# What's the rule of thumb?



## cakescraps (Oct 2, 2005)

I was asked to provide lady locks, eclairs, cream puffs and 2 different kinds of cookies for my sister's wedding. There will be 140 guests and there will also be other cookies (5 other kinds I believe), fruit & cheese trays, hot hors devoures (?sp), a cake and a full course meal. I personally think she has way too much before all that I was asked to do, but, it's not my wedding. How much do I figure per person here?  TIA


----------



## momoreg (Mar 4, 2000)

I'd say 3pp total... You should have more than enough that way.


----------



## cakescraps (Oct 2, 2005)

Thank you!


----------



## sucrechef (Sep 1, 2005)

I agree -- 3 per person should be right ... I always try to err on the side of too much rather than too little. Assume that your goods will be the hit of the party and better than all the other goodies and that they will disappear right before your eyes.


----------



## aprilb (Feb 4, 2006)

...of each type of pastry per person?

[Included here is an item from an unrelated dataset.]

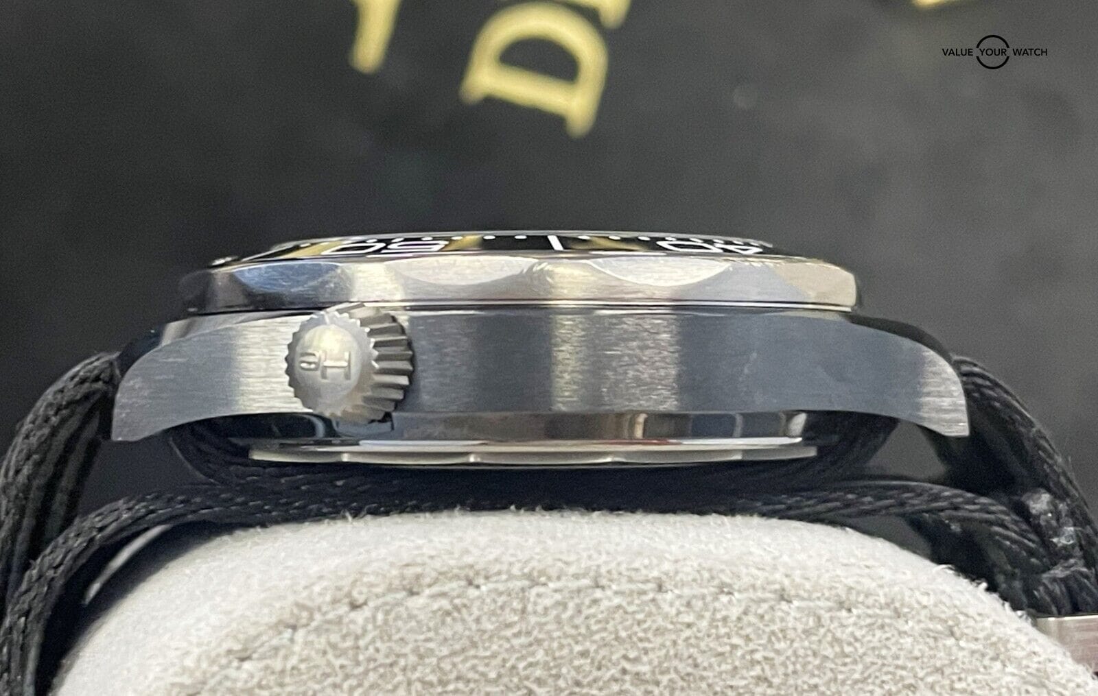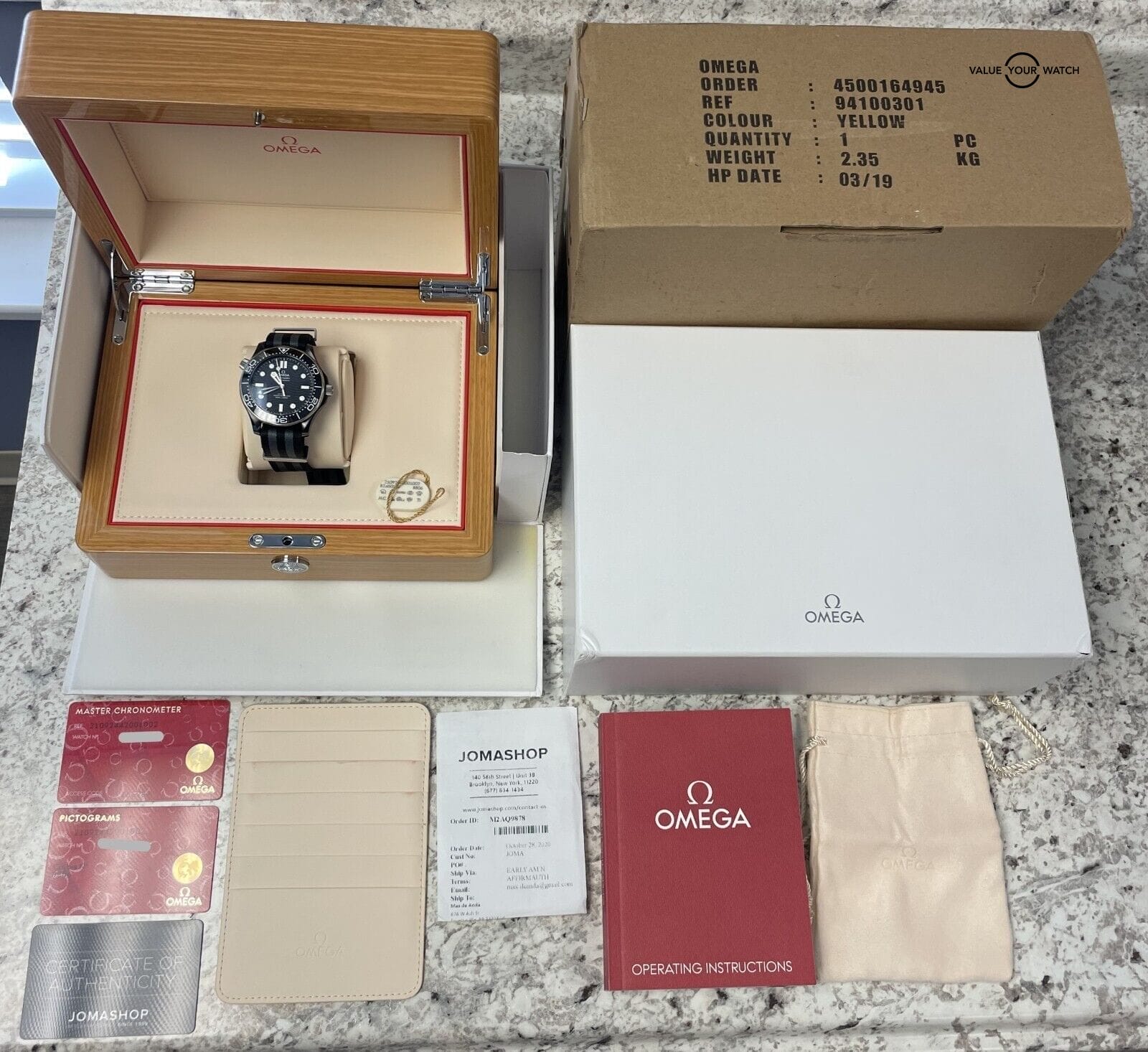 This beautiful timepiece comes complete with the outer cardboard box (shows wear), outer white box, inner pearwood box, hangtags, instruction booklet, and original Pictogram and Master Chronometer Card. The watch was originally purchased through Jomashop and comes with that original receipt (Dated in 2020). The watch is in nice pre-owned condition. The titanium bezel shows some light wear on edges, crystal has some typical AR wear, and the ceramic bezel insert has a few light hairlines that can be seen under a loupe. The nato strap has a little wear but still plenty of life left in it. Pay close attention to the pictures as they accurately describe the condition. Mechanically the watch is functioning as it should. Serial numbers and names are blurred in photos only for privacy reasons.

Or a mix of what she needs to provide equaling 3 per person? (In which case how would you choose what you think is the best combination?)

Just wondering.

April


----------



## panini (Jul 28, 2001)

3 total. 520 split between the three items I would split em right down the middle. 140 of each. I'm also assuming that these are miniatures.


----------



## aprilb (Feb 4, 2006)

I guess my jewish great grandmother is showing. When in doubt make WAY too much of everything. :crazy:


----------



## cakescraps (Oct 2, 2005)

Yes, these were miniatures. I wound up making 200 chocolate chip, 200 peanut butter, 200 mini eclairs, 200 mini cream puffs and 600 mini cream horns with 3 different flavor fillings for the eclairs, puffs and horns. I figured better too many than not enough. Well, these people were like vultures that hadn't eaten in a year! There was nothing left of what I made, very few cookies (personally, anise waffle cookies aren't too good in my opinion) and a ton of cake (it was dry, dry, dry!) So, I now know that if there is going to be alot of alcohol, alot of the under 30 crowd and alot of the over 60 crowd.............Make alot! Or could it have been the fact that 75% of the guests were corrections officers that were tired of eating prison food?? LOL


----------



## erik (Jan 23, 2006)

10 items per person....I think you may be right about the not eating in a year guess!


----------



## momoreg (Mar 4, 2000)

No doubt they were shoving the stuff into their pockets for later!:suprise:


----------



## aprilb (Feb 4, 2006)

...trading cookies for favors in prison....BAHAHAHAHA!


----------